# Piano reductions for Tchaikovsky ballet suites: discussion and recommendation



## kylecheng

There are a number of recordings for the piano reduction of the three Tchaikovsky ballet suites.

Ones I have listened to or sampled include (all of them are for four hands):

Aurora Duo, Naxos: SL (arr. Langer), SB (arr. Rachmaninov), NC (arr. Esipoff)
Argerich and Economou, DG: NC (arr. Economou)
Kodama sisters, Pentatone: SL (arr. Langer), SB (arr. Rachmaninov), NC (arr. Arensky)
*** note: SL: Swan Lake; SV: the Sleeping Beauty: NC: the Nutcracker

As shown, there are multiple versions of piano reduction for the Nutcracker. The aforementioned arrangements were all based on the op.71a suite. Yet another very interesting version I know of is arranged by Pletnev and features a different set of excerpts. I only know of one recording of this arranged version:

Dariescu, Signum classics: NC (arr. Pletnev)

To my untrained ear, I find the Aurora Duo's recording to be crispier and more _dansante_, which is further enhanced by Naxos's clean sound engineering. On the other hand, Argerich is as elegant, melodic, and captivating as ever. The Kodama sisters, in comparison, sounded clean and steady if slightly conservative.

The Dariescu/Pletnev recording benefits from, IMHO, a more interesting selection of movements, with the inclusion of "A Pine Forest in Winter", arguably the best harmonised and most picturesque title in the ballet, and the Act II pas de deux, for me the emotional climax of the ballet and a gloriously written music.
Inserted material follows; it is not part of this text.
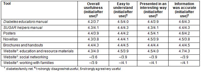 In the first year, 30 health professionals were asked to rate the materials in the toolkit, using a scale of 1-5 (5='strongly agree') between the first and second initial training, after the materials had been reviewed with them. At the end of the project, 31 participants, 20 health professionals and 11 trained community volunteers again rated the tools in the Family Matters Toolkit. Table 3 indicates that most tools were highly rated initially and the ratings decreased slightly after participants had the opportunity to use the tools. Most respondents agreed the tools were useful, easy to understand, presented in an interesting way, and possessed accurate information.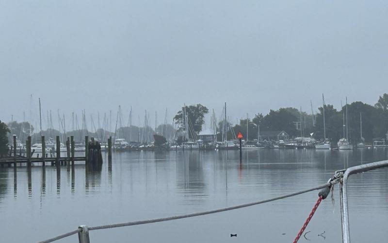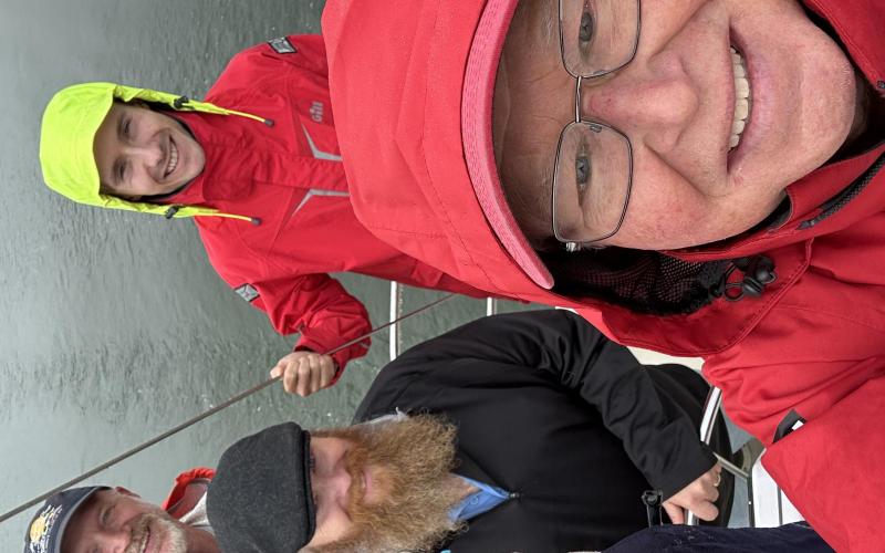 On a wet Wednesday evening, four of us ventured out to test out our "new" staysail. I think Steve is going to call the new sail "Dory."

In the titles that overlap with op.71a (that is, ones that are also included in the three four-hand versions mentioned on top), however, Dariescu's solo piano can (perhaps inevitably) be less colourful and captures fewer details of the orchestral score.
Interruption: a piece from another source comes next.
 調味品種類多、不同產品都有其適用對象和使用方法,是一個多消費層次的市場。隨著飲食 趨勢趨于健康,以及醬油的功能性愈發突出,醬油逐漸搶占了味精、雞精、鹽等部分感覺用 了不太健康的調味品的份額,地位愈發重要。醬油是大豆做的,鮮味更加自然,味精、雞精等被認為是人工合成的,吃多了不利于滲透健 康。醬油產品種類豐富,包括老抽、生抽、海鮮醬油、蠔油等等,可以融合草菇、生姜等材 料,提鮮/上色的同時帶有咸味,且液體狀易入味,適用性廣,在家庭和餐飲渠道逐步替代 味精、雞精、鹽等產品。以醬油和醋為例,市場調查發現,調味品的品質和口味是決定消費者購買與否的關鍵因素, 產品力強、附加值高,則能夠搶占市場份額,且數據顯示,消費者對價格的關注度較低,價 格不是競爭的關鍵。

Is there any other version/recording of the three Tchaikovsky ballet suites you enjoy?
It would be lovely to know your thoughts on these recordings as well as relevant topics, and, of course, your valuable experiences of playing them on piano yourself!


----------



## mikeh375

Here's a solo Pletnev live in case you haven't seen it...who needs 4 hands eh?


----------



## kylecheng

Thanks Mikeh for the recommendation! I have indeed not seen Mr Pletnev play his own arrangement; this is very interesting. You're quite right that it is arguably more impressive to be able to create a satisfactory soundscape with just two rather than four hands!

I also quite like this recording of the complete Nutcracker on solo piano by Mr Stewart Goodyear on the Steinway label.
https://www.steinway.com/music-and-artists/label/tchaikovsky-nutcracker-stewart-goodyear


----------